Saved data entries

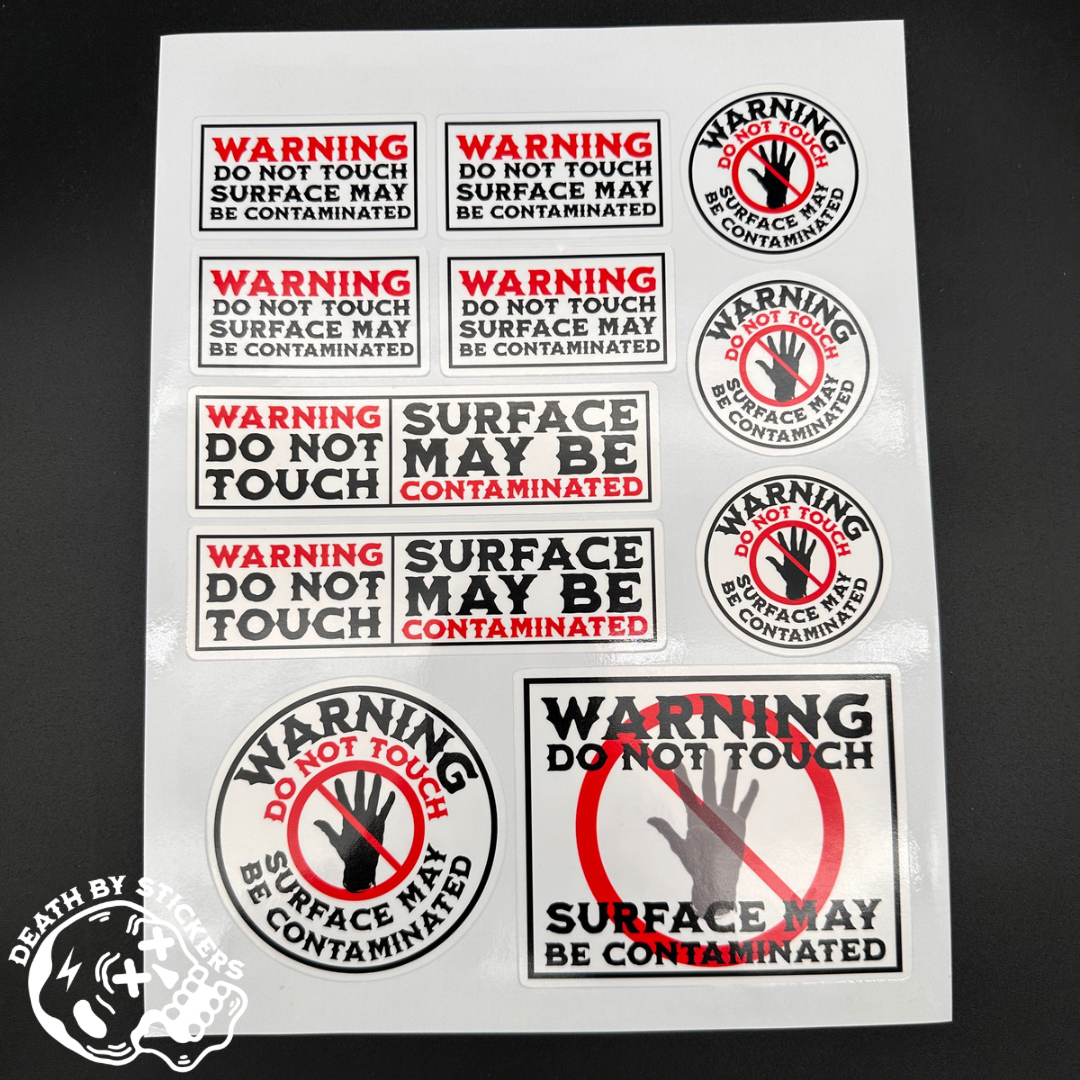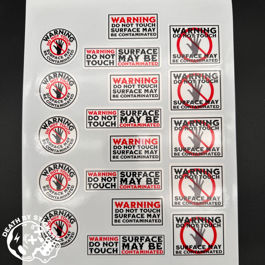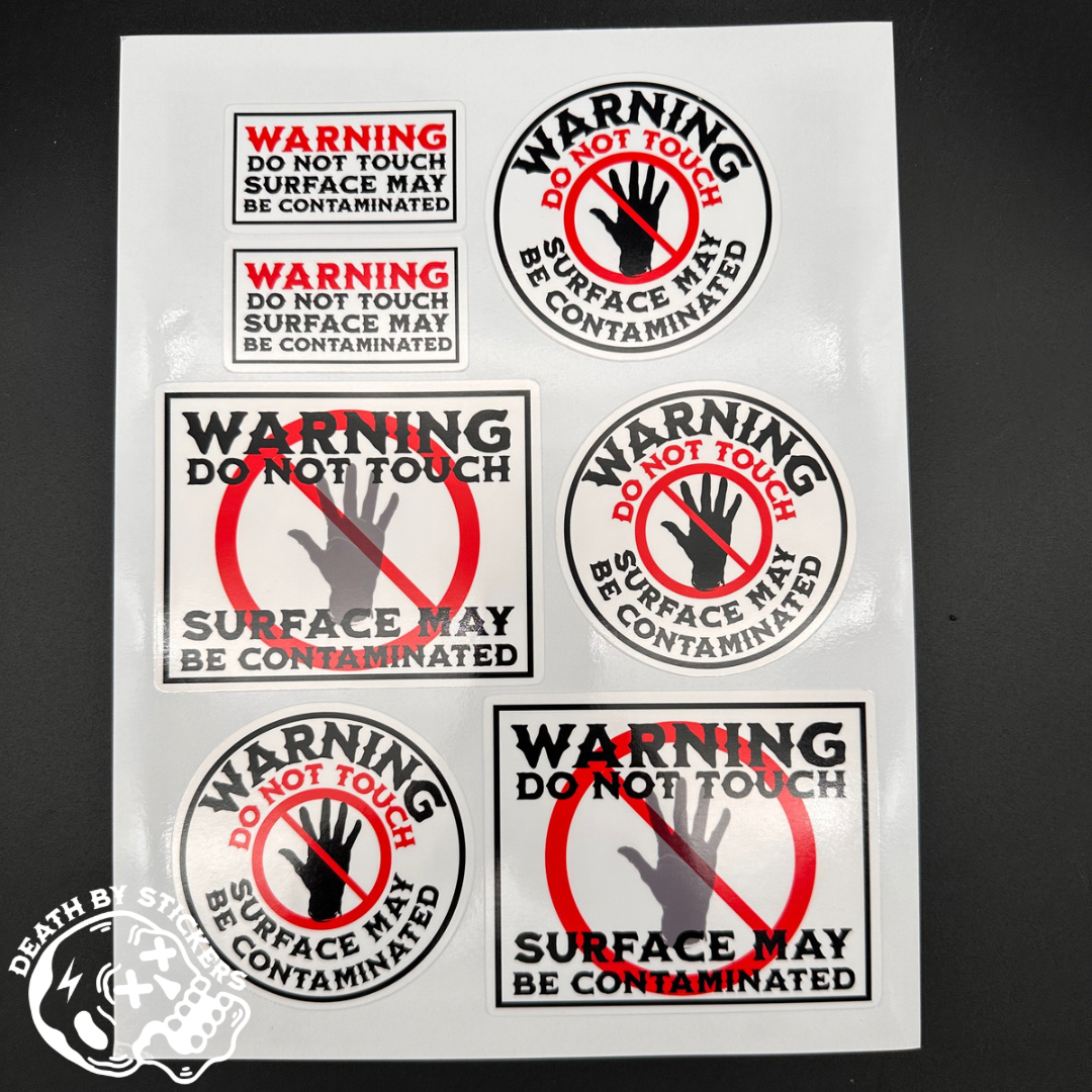These stickers are white vinyl and laminated to withstand surfaces that get touched, cleaned, and abused throughout the day. They are removable in case you need to remove them. They serve as a warning to not touch a surface with gloves and it may be contaminated.
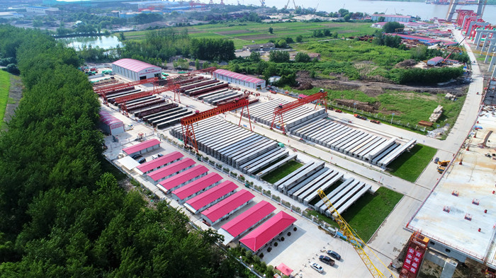 2018年7月,中國施工企業(yè)管理協(xié)會在青山橋南岸預(yù)制梁場舉辦“綠色建造、綠色發(fā)展”觀摩交流會,全國 200 余名綠色環(huán)保工程專家齊聚現(xiàn)場。53畝的標(biāo)準(zhǔn)化T梁預(yù)制場布置有制梁區(qū)、存梁區(qū)、封閉式鋼筋加工車間、辦公及生活區(qū)四大核心區(qū),大面積草坪和植被環(huán)繞,整潔美觀、自然和諧。梁場進(jìn)出口設(shè)置的車輛自動沖洗裝置,有效抑制施工現(xiàn)場揚(yáng)塵。水泥、粉煤灰等粉粒性原材料全部使用專用車輛運(yùn)輸;各類臨時(shí)設(shè)施均采用標(biāo)準(zhǔn)化、可拆遷、可回收材料,減少資源浪費(fèi)。基坑開挖采用鋼板樁圍堰,減少土方開挖和回填量,保護(hù)用地。大體積混凝土采用冷卻水管循環(huán)水,預(yù)制 T 梁全自動循環(huán)水噴養(yǎng)護(hù);梁場隨處可見的太陽能路燈、空氣能熱水器等清潔能源;用多層鋼骨架活動板房建設(shè)的臨時(shí)辦公和生活用房,處處踐行節(jié)能環(huán)保。
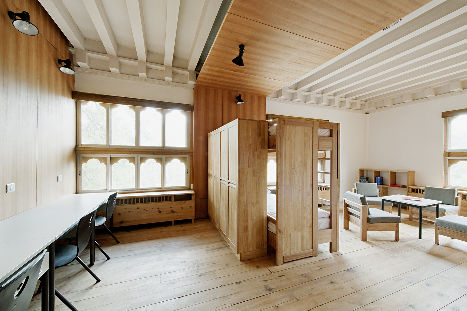 An einen relativ kompakten Kern mit Aufzug und Hauptstiege im Zentrum des blockartigen Baukörpers wurden die Zimmer als „Rucksäcke“ herumgruppiert. Die beiden übereinanderliegenden Zimmergeschosse kragen leicht über das Erdgeschoss, in welchem die allgemeinen Hotelbereiche wie Restaurant, Lobby, Rezeption und Lounge angesiedelt sind. (Text: Architektin)
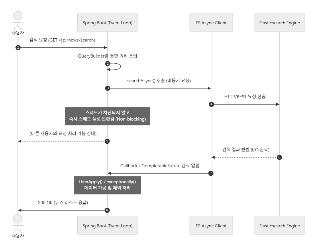 CompletableFuture체이닝을 통해 요청부터 색인 조회까지의 전 과정을 비동기로 설계함.searchNewsAsync호출 시 스레드는 응답을 대기하지 않고 즉시 스레드 풀로 반환되어 다른 HTTP 요청을 즉각 처리함. - 예외 처리: 비동기 호출 연쇄 과정에서 발생하는 예외를
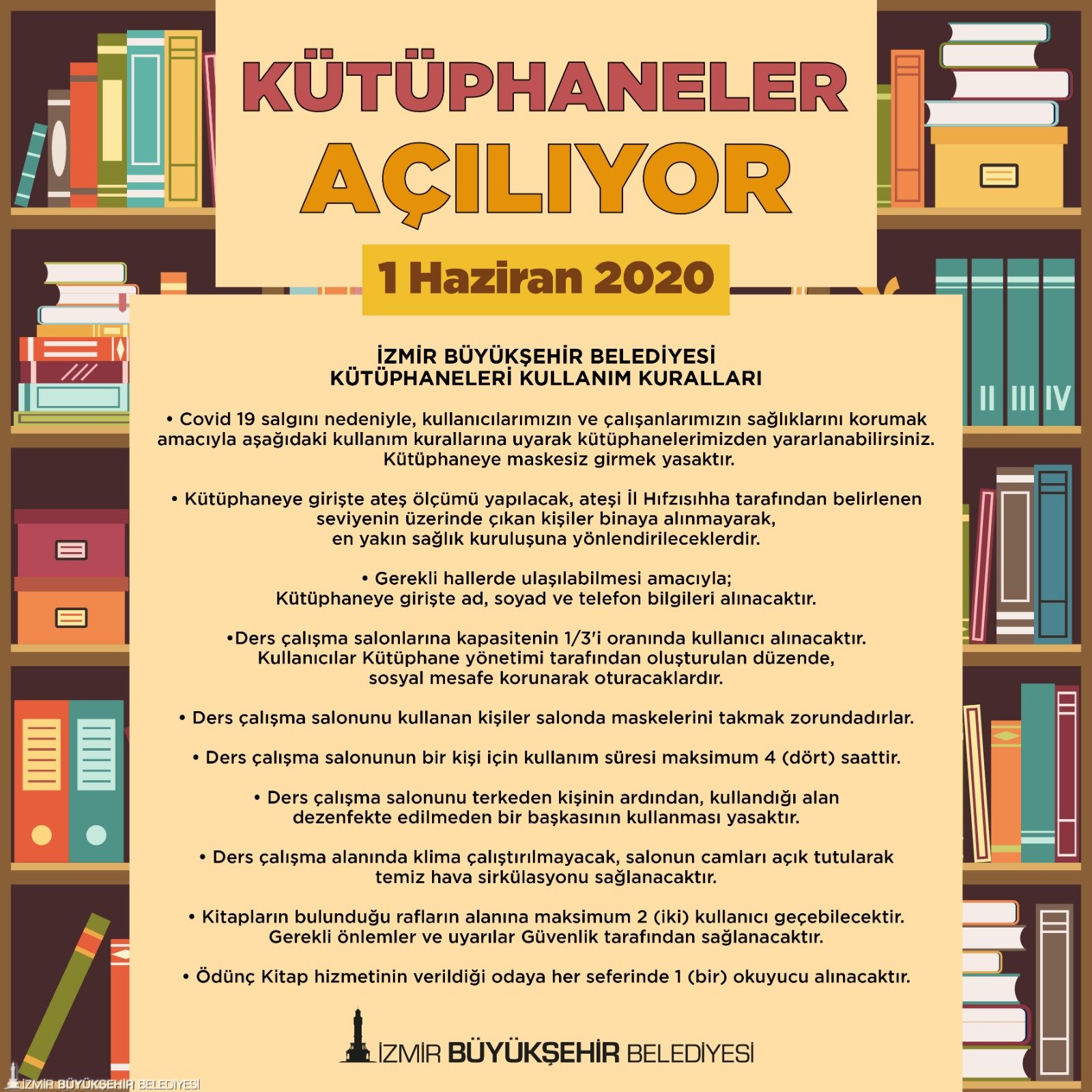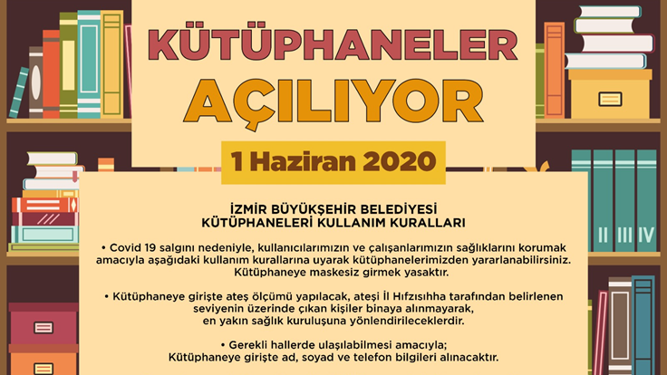 Koronavirüs salgını nedeniyle kullanıma kapatılan kütüphaneler, 1 Haziran Pazartesi başlayacak normalleşme süreci kapsamında yeniden hizmete açılıyor. İzmir Büyükşehir Belediyesi normalleşme sürecinde kütüphanelerin kurallarını açıkladı.
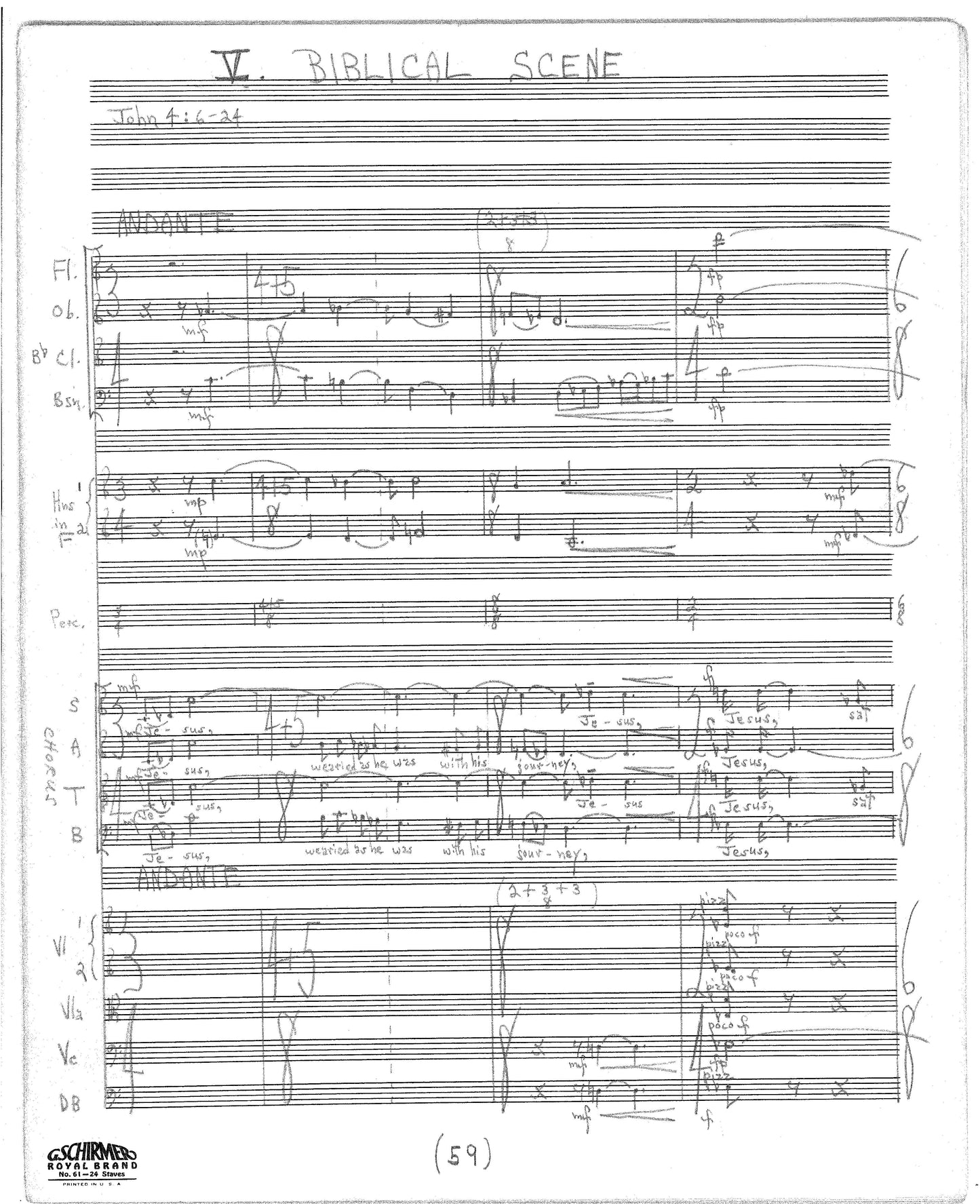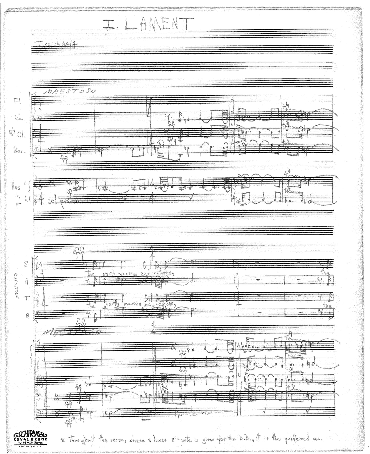 Soprano solo, baritone solo, SATB, flute (1), oboe (1), clarinet (1), bassoon (1), horn (2), timpani, percussion, strings
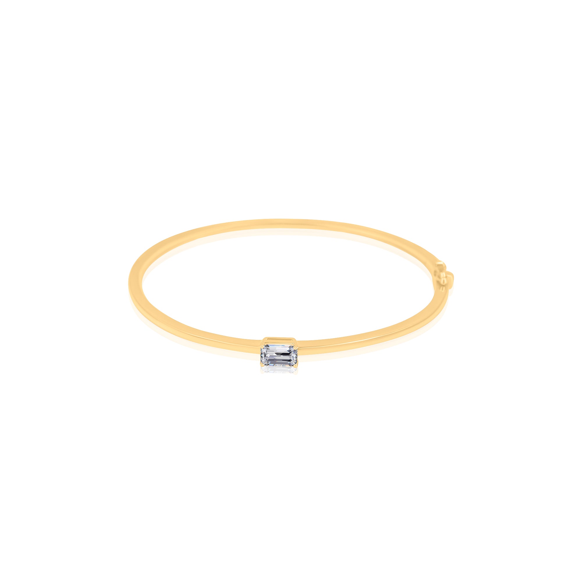 This Gold Lab Grown Emerald Diamond Bangle is a modern heirloom — sleek, minimal, and crafted to make every day feel elevated. A bezel-set emerald-cut lab diamond sits at the center of a polished 14k gold bangle, creating a clean, sculptural silhouette that shines on its own or stacked.
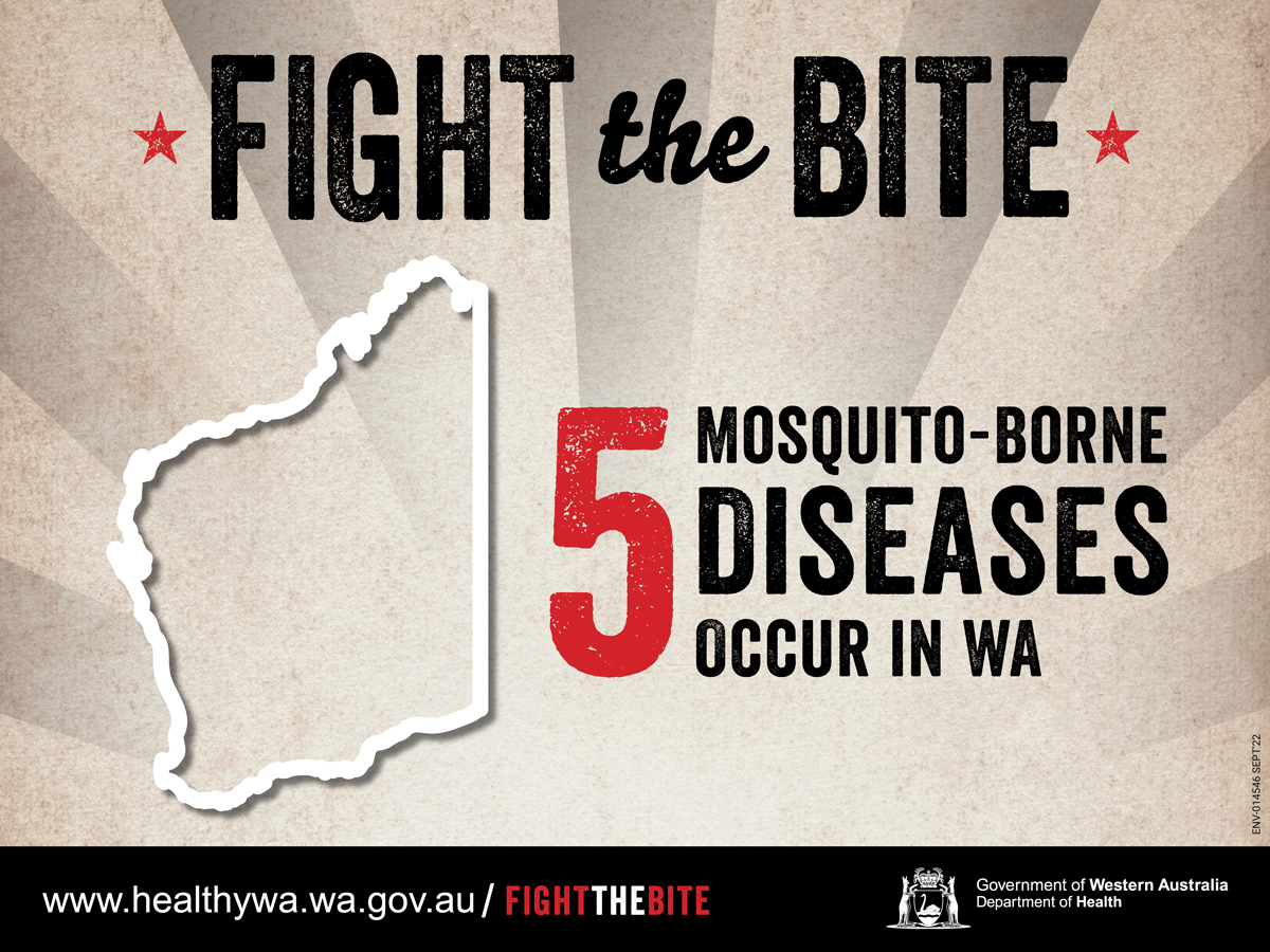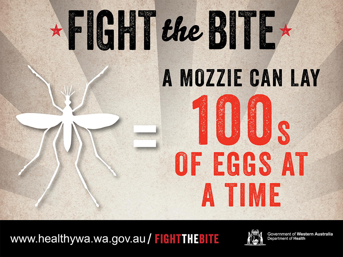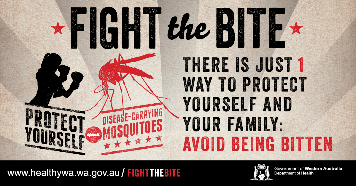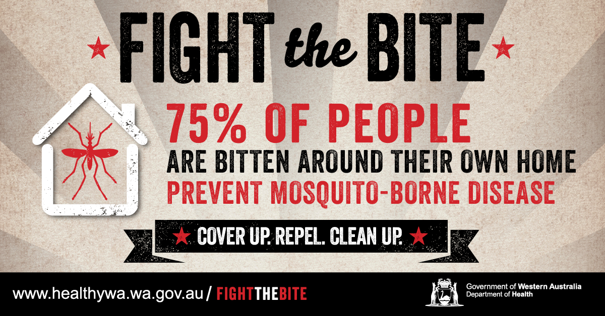 WA Health’s Fight the Bite campaign was originally launched to educate individuals on simple ways to prevent being bitten by mosquitoes, reduce breeding around their home/holiday accommodation and minimise the risk of mosquito-borne disease transmission. Resources for general mosquito avoidance continue to be developed and added to this page.

• Problem statement
Give back every record exactly. Omit the pictures.

• Response
These stickers are white vinyl and laminated to withstand surfaces that get touched, cleaned, and abused throughout the day. They are removable in case you need to remove them. They serve as a warning to not touch a surface with gloves and it may be contaminated.
 2018年7月,中國施工企業(yè)管理協(xié)會在青山橋南岸預(yù)制梁場舉辦“綠色建造、綠色發(fā)展”觀摩交流會,全國 200 余名綠色環(huán)保工程專家齊聚現(xiàn)場。53畝的標(biāo)準(zhǔn)化T梁預(yù)制場布置有制梁區(qū)、存梁區(qū)、封閉式鋼筋加工車間、辦公及生活區(qū)四大核心區(qū),大面積草坪和植被環(huán)繞,整潔美觀、自然和諧。梁場進(jìn)出口設(shè)置的車輛自動沖洗裝置,有效抑制施工現(xiàn)場揚(yáng)塵。水泥、粉煤灰等粉粒性原材料全部使用專用車輛運(yùn)輸;各類臨時(shí)設(shè)施均采用標(biāo)準(zhǔn)化、可拆遷、可回收材料,減少資源浪費(fèi)。基坑開挖采用鋼板樁圍堰,減少土方開挖和回填量,保護(hù)用地。大體積混凝土采用冷卻水管循環(huán)水,預(yù)制 T 梁全自動循環(huán)水噴養(yǎng)護(hù);梁場隨處可見的太陽能路燈、空氣能熱水器等清潔能源;用多層鋼骨架活動板房建設(shè)的臨時(shí)辦公和生活用房,處處踐行節(jié)能環(huán)保。
 An einen relativ kompakten Kern mit Aufzug und Hauptstiege im Zentrum des blockartigen Baukörpers wurden die Zimmer als „Rucksäcke“ herumgruppiert. Die beiden übereinanderliegenden Zimmergeschosse kragen leicht über das Erdgeschoss, in welchem die allgemeinen Hotelbereiche wie Restaurant, Lobby, Rezeption und Lounge angesiedelt sind. (Text: Architektin)
 CompletableFuture체이닝을 통해 요청부터 색인 조회까지의 전 과정을 비동기로 설계함.searchNewsAsync호출 시 스레드는 응답을 대기하지 않고 즉시 스레드 풀로 반환되어 다른 HTTP 요청을 즉각 처리함. - 예외 처리: 비동기 호출 연쇄 과정에서 발생하는 예외를
 Koronavirüs salgını nedeniyle kullanıma kapatılan kütüphaneler, 1 Haziran Pazartesi başlayacak normalleşme süreci kapsamında yeniden hizmete açılıyor. İzmir Büyükşehir Belediyesi normalleşme sürecinde kütüphanelerin kurallarını açıkladı.
 Soprano solo, baritone solo, SATB, flute (1), oboe (1), clarinet (1), bassoon (1), horn (2), timpani, percussion, strings
 This Gold Lab Grown Emerald Diamond Bangle is a modern heirloom — sleek, minimal, and crafted to make every day feel elevated. A bezel-set emerald-cut lab diamond sits at the center of a polished 14k gold bangle, creating a clean, sculptural silhouette that shines on its own or stacked.
 WA Health’s Fight the Bite campaign was originally launched to educate individuals on simple ways to prevent being bitten by mosquitoes, reduce breeding around their home/holiday accommodation and minimise the risk of mosquito-borne disease transmission. Resources for general mosquito avoidance continue to be developed and added to this page.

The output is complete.